The Tour Stick weighs in at 19 ounces per pair, which is about average for backcountry ski poles. It has a nice swing weight that makes powder skiing and uphill skinning pleasant and effortless. This is notable considering the amount of weight in the lower shaft of the pole. Other collapsible poles in our test did not have the same feel.
The Tour Stick features carbon shaft construction, which is generally less durable than aluminum. It also has a foam grip, and in general, foam grips are less durable than rubber grips. That said, we didn't encounter any durability issues during our testing. Still, this pole isn't designed for hard abuse, and will probably break if used to whack cornices or tree branches. Furthermore, we noticed a little play in the pole sections when fully extended, even though the extension mechanism was engaged and locked.

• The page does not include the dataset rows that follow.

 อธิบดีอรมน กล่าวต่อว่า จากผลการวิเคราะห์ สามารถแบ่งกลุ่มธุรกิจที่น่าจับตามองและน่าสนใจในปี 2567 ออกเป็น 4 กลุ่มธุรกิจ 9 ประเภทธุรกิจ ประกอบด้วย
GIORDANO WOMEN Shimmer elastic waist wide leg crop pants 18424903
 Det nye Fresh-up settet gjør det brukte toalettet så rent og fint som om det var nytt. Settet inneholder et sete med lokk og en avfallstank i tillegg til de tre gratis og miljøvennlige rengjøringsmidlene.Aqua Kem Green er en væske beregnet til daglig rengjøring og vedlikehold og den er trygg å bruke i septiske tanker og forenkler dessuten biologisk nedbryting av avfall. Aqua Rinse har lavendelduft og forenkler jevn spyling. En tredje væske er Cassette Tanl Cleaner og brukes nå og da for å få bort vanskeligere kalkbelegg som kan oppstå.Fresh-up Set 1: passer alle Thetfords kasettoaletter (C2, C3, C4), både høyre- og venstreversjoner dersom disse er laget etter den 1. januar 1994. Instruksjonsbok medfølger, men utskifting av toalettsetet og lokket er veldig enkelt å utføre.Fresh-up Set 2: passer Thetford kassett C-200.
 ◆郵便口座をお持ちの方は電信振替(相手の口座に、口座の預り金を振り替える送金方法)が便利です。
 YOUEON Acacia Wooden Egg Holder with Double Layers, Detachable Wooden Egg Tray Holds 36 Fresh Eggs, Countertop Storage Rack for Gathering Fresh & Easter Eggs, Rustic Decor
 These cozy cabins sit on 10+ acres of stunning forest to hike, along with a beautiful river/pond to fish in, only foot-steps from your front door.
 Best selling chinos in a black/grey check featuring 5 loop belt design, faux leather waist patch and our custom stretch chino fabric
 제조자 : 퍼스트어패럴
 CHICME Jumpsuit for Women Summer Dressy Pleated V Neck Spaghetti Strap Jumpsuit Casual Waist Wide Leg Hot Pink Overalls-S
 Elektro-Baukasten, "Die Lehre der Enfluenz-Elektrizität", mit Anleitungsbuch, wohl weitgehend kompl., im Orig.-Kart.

The Tour Stick packs down to a small 42 centimeters or 16.5 inches. This is great for splitboarding, where most users collapse their poles and strap them onto their backpacks for the descent. These poles don't stick out from the side of most daypacks, although its packed size isn't the most slender in the business. Their small packed size also makes them great for summer use as trekking poles on the hiking trail.
The Tour Stick Vario Carbon has one of the most comfortable handles that we tested on a backcountry ski pole. It fits both large and small hands, and is very comfortably contoured. The foam is soft and a pleasure to hold with bare hands on warm days. Additionally, we love the rounded top of the handle, which accommodates all kinds of grips.
The Tour Stick Carbon is an expensive pole. For the price, you get a collapsible, carbon pole with a fantastic grip. For the discerning splitboarder who might also want a pole that can be used as a trekking pole, this pole might be a good value. For everyone else, it is hard to justify spending this much on a backcountry skiing or splitboarding pole.
Overall, the Leki Tour Stick Vario Carbon is a high-performance z-style pole that also allows some length adjustment. It collapses small for splitboarding, and can also be used for hiking and trekking in the summer. There are better poles out there, but not by a lot.